I am an assistant professor of media studies at the University of Massachusetts Amherst and the author of Smart as a City: The Politics of Test-Bed Urbanism (University of California Press, 2026).
My writing and research examine technologies of statecraft from smart cities to tech nationalism to the use of automated decision systems in public agencies. Smart as a City takes readers into Kansas City, Missouri, where Google piloted a citywide gigabit network and city officials launched several smart city projects in the 2010s. Through cases including public-housing residents’ quiet refusal of “free” gigabit internet, the city’s turn to predictive analytics that largely confirmed the obvious, and public–private strategies for managing failure without naming it, the book reframes test-bed urbanism as a mode of local governance that works through civic aspiration, deliberate ignorance, and municipal politics. It argues that urban disparities are not an unintended consequence of the smart city; they are the foundation upon which it is built.

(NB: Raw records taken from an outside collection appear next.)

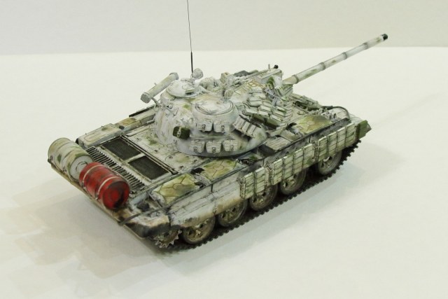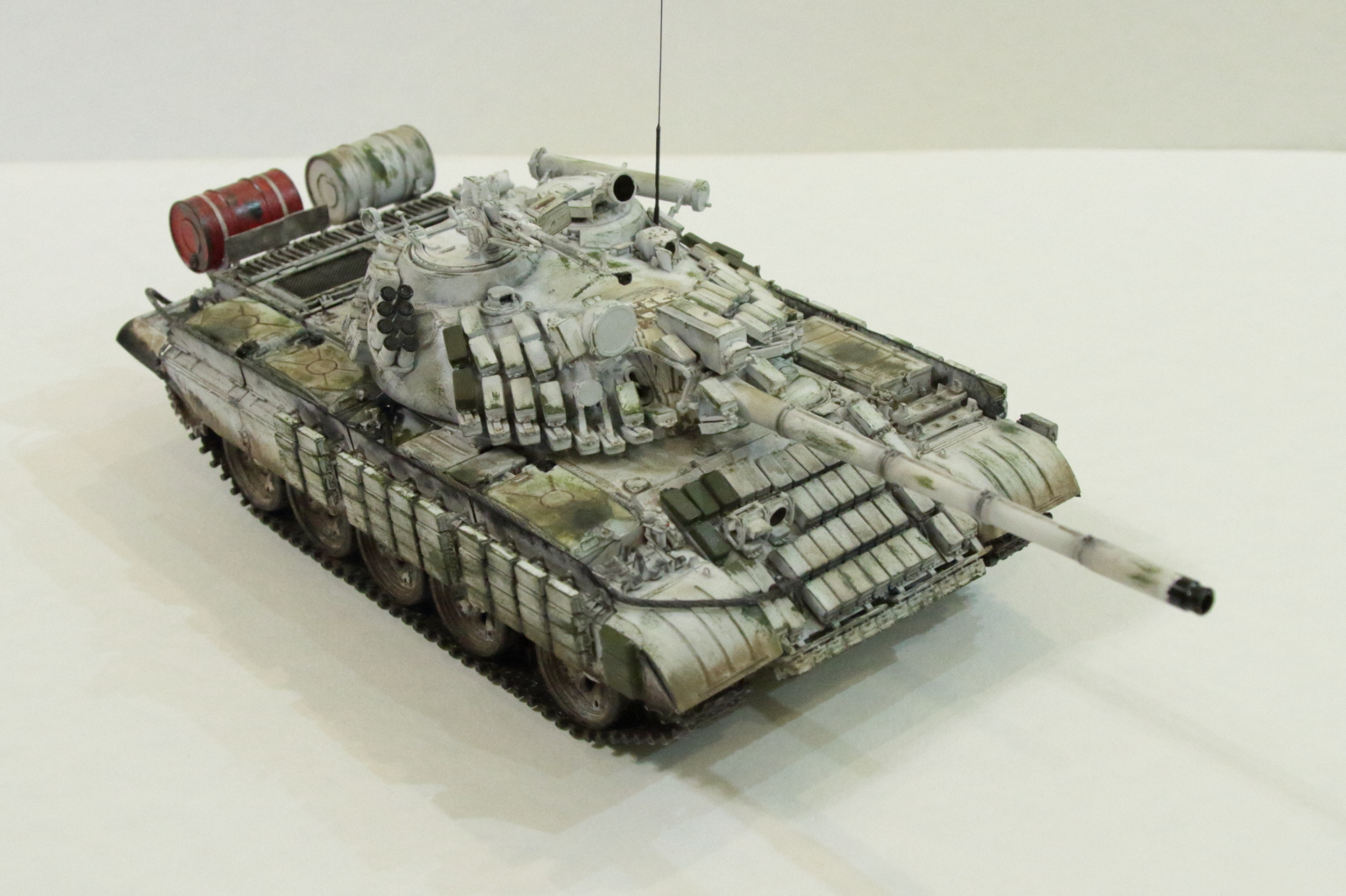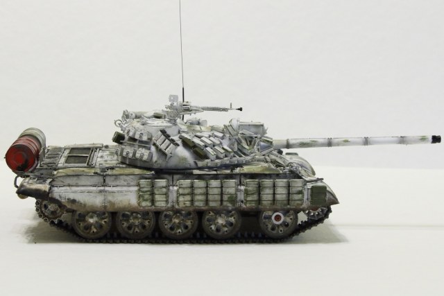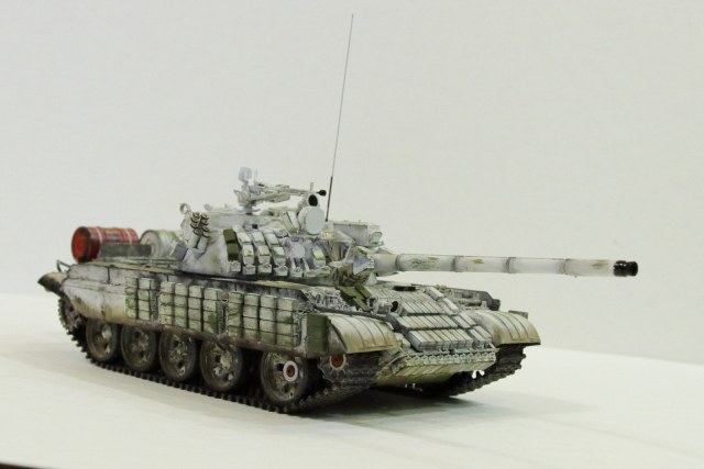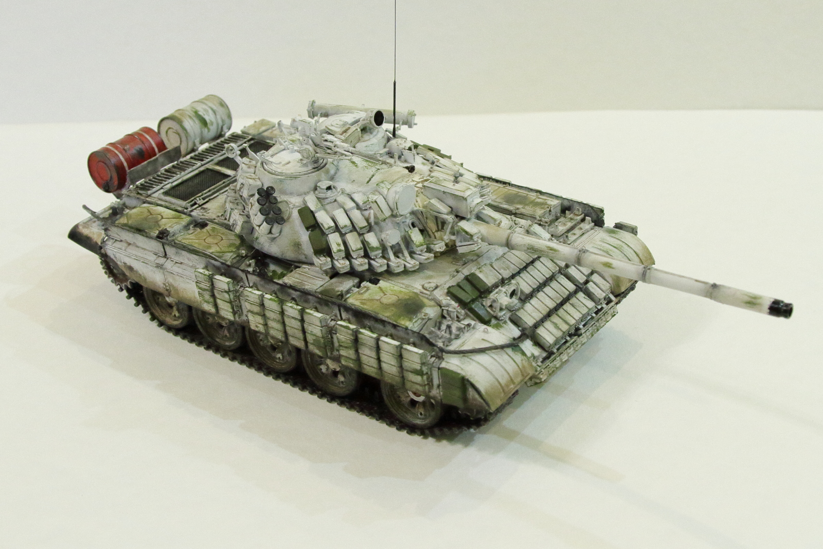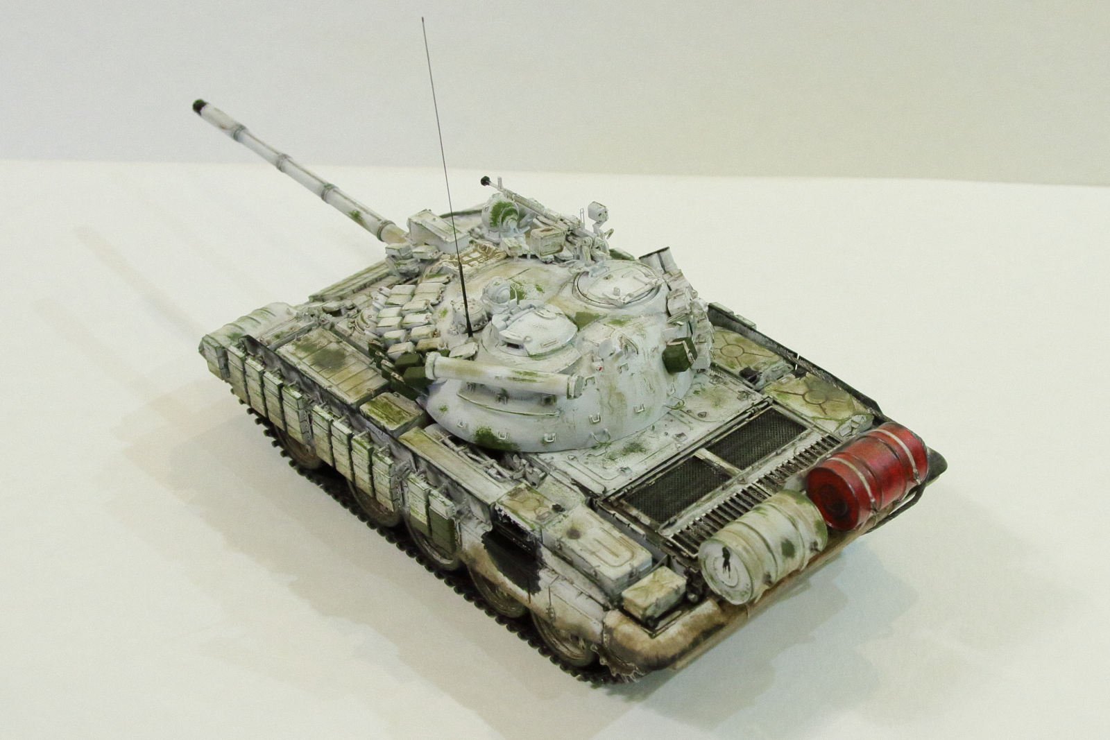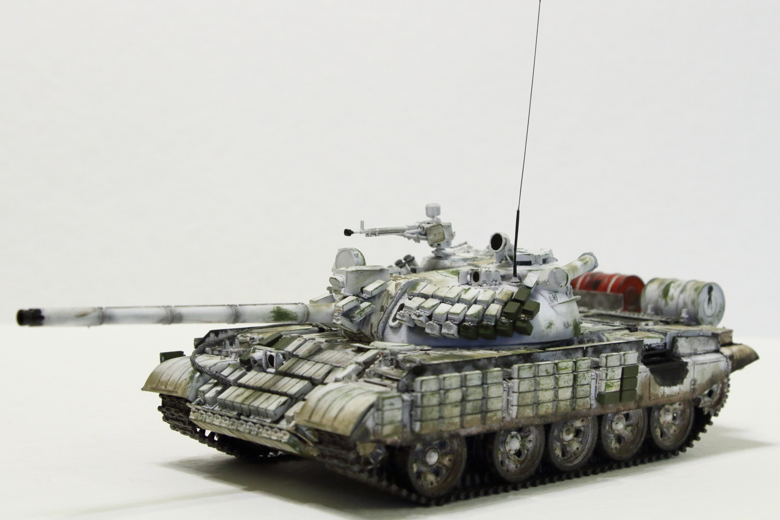 Мне надоели зеленые или пятнисто зеленые танки. И решил я, хочу танк в зимний камуфляже, да не в простом, а замученном жизнью. Найти полностью "белый камуфляж" для танка 80-х годов прошлого века мне не удалось. Нашел наставления 50-х годов где чисто белый цвет разбавлялся зелеными пятнами. Хотя чисто белый цвет допускался...но...далее, моя фантазия на тему: "Сказано - сделано". По легенде: окрасили осенью, и до весны гоняли по полигонам и стрельбище. Ходовая извазюкалась, белый цвет стал сходить...одну бочку потеряли, пришлось у прапорщика взять, что было...контейнеры ДЗ...а, так их на момент окраски в белый цвет не было на танке, потом установили.
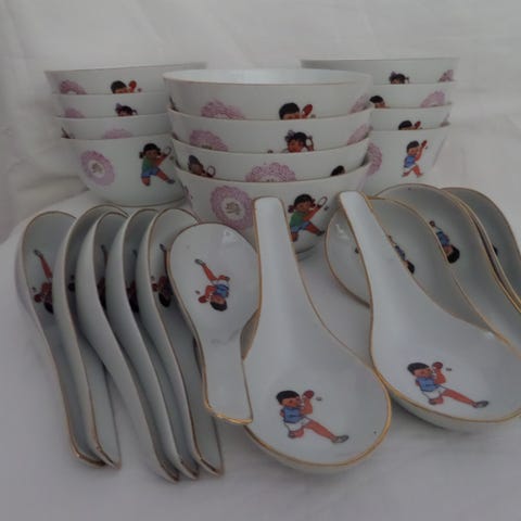 7 SMUKKE KINESISKE SKÅLE & 5 SKEER
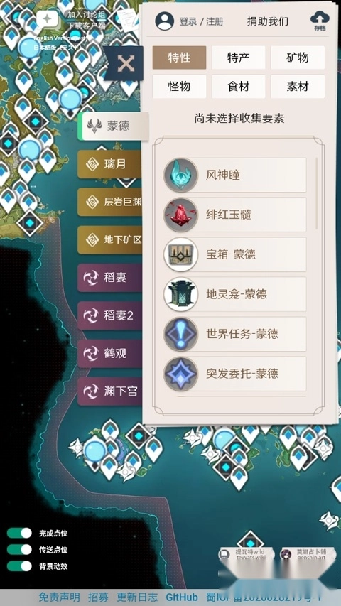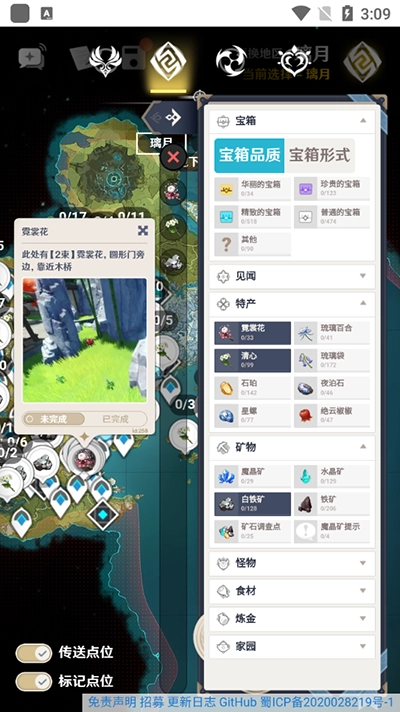 3、提供了风神瞳、岩神瞳、宝箱、野外boss、七天神像、NPC、传送点、地灵龛、矿物、秘境等各类资源点的详细分布位置。

My current research follows gov-tech companies and public officials to understand what they think they are buying and selling when government data infrastructures are layered with proprietary software and government datasets circulate in data markets.
I have published in Information, Communication & Society, Big Data & Society, New Media & Society, and Urban Studies. I co-edited Soft-Power Internationalism: Competing for Cultural Influence in the 21st Century Global Order (Columbia University Press, 2021) with Victoria de Grazia.
At UMass Amherst, I convene the Ethnography Collective and have co-founded the Global Technology for Social Justice (GloTech) Lab.
I also co-host It All Happened Before, a podcast that draws on Turkey and other democracies to understand how autocracy becomes normalized around the world.